The expression of αSMA and FAPα serves as a hallmark of fibroblast activation into myofibroblasts and CAFs, key drivers of TME remodeling [61]. In the epidermal compartment, UV-induced TOPK activation triggers IL19 secretion from keratinocytes and cSCC cells (Figure 3B,C). IL19 acts as a paracrine signal to dermal fibroblasts, inducing their activation into myofibroblasts and marked by αSMA and FAPα overexpression (Figure 3L–N). Activated myofibroblasts or CAFs, in turn, secrete growth factors and matrix-remodeling enzymes that promote tumor cell survival, proliferation, and migration (Figure 7). This epidermal-to-dermal signaling axis is reinforced by our finding that chronic TGFβ treatment, a hallmark of advanced tumor microenvironments, upregulates IL19 in fibroblasts (Figure 3G), suggesting a feedforward loop where stromal IL19 further amplifies TOPK activity in adjacent tumor cells (Figure 3F).

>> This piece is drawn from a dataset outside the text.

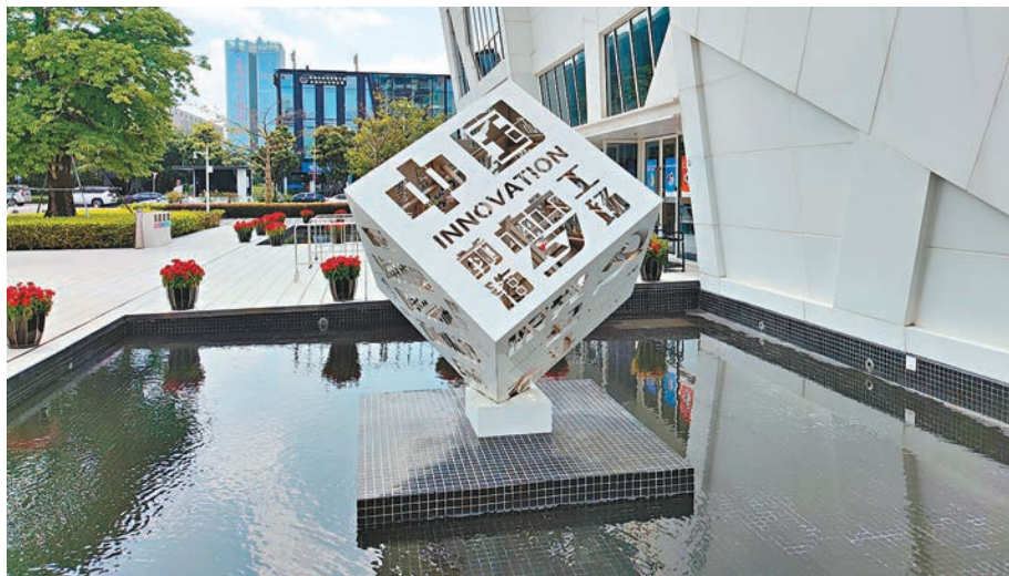
◆ 愈來愈多香港年輕人到大灣區內地城市就業創業。圖為深圳前海。

Such reciprocity between TOPK and IL19 creates a self-sustaining circuit that escalates malignancy.
Conversely, dermal fibroblasts expressing TOPK enhance cSCC growth and migration through physical and secretory interactions. In 3D spheroid co-cultures, TOPK knockdown in fibroblasts reduce cSCC colony size and number (Figure 7A–F), likely by attenuating the production of pro-tumorigenic factors (e.g., IL19, matrix metalloproteinases) that normally facilitate tumor cell expansion and ECM remodeling. Additionally, TOPK knockdown in fibroblasts effectively suppresses cSCC cell migration (Figure 7G,H). Previous studies have demonstrated that IL19 plays a critical role in cancer metastasis [62,63]. These results suggest that TOPK may promote metastasis by regulating IL19 expression.” These findings align with clinical observations that CAF density correlates with cSCC aggressiveness, but our work identifies TOPK as the molecular linchpin enabling this collaboration. These findings suggest that IL19 not only promotes cancer cell proliferation but also remodels the tumor microenvironment to facilitate disease progression.
Overall, our findings establish a mechanistic link between TOPK, IL19, and fibroblast activation in NMSC. The schematic model illustrates how, in cSCC cells, TOPK activates multiple signaling pathways to induce IL19 expression and secretion. Secreted IL19, in turn, promotes cancer cell growth and acts in a paracrine manner on adjacent fibroblasts, enhancing their activation, as evidenced by the increased αSMA and FAPα expression. Activated fibroblasts then contribute further to tumor progression, establishing a feedforward loop of tumor–stroma communication mediated by the TOPK–IL19 axis (Figure 8). The interplay between these factors highlights a potential therapeutic axis that could be exploited for skin cancer prevention and treatment. Targeting TOPK and IL19 simultaneously may provide a more effective strategy to inhibit both tumor growth and the supportive tumor microenvironment. Future studies should focus on developing specific inhibitors of TOPK and evaluating their efficacy in preclinical models of skin cancer.

5. Conclusions

In summary, our study elucidates the pivotal role of TOPK in solar UV-induced skin damage and NMSC progression. By modulating key oncogenic pathways and promoting IL19 expression, TOPK contributes to a pro-tumorigenic microenvironment that supports both cancer cell proliferation and fibroblast activation. These findings underscore the therapeutic potential of targeting TOPK and IL19 in the treatment and prevention of NMSC.

Supplementary Materials

The following supporting information can be downloaded at: https://www.mdpi.com/article/10.3390/cancers17132067/s1. Supplementary data for Figure 1; Supplementary data for Figure 2; Supplementary Figures (Supplementary Figure S1–S7); Supplementary Figure Legends; Supplementary Methods.

Author Contributions

A.U.K. performed cell-based experiments, analyzed and interpreted data, prepared figures, and co-wrote the manuscript; Q.W. performed animal experiments, analyzed and interpreted data, prepared figures, carried out data mining analysis, and co-wrote the manuscript; E.R. carried out discussion of the data and established methods; S.E.D., G.T.W., and C.C.-L. contributed to data discussion; A.M.B. contributed to data discussion, and the review and revision of the manuscript; T.Z. contributed to the study supervision, experimental design, data analysis, data discussion and preparation, and writing and revision of the manuscript. All authors have read and agreed to the published version of the manuscript.

Funding

This work was supported by The Hormel Foundation and National Institutes of Health grant 1P01CA229112-01A1.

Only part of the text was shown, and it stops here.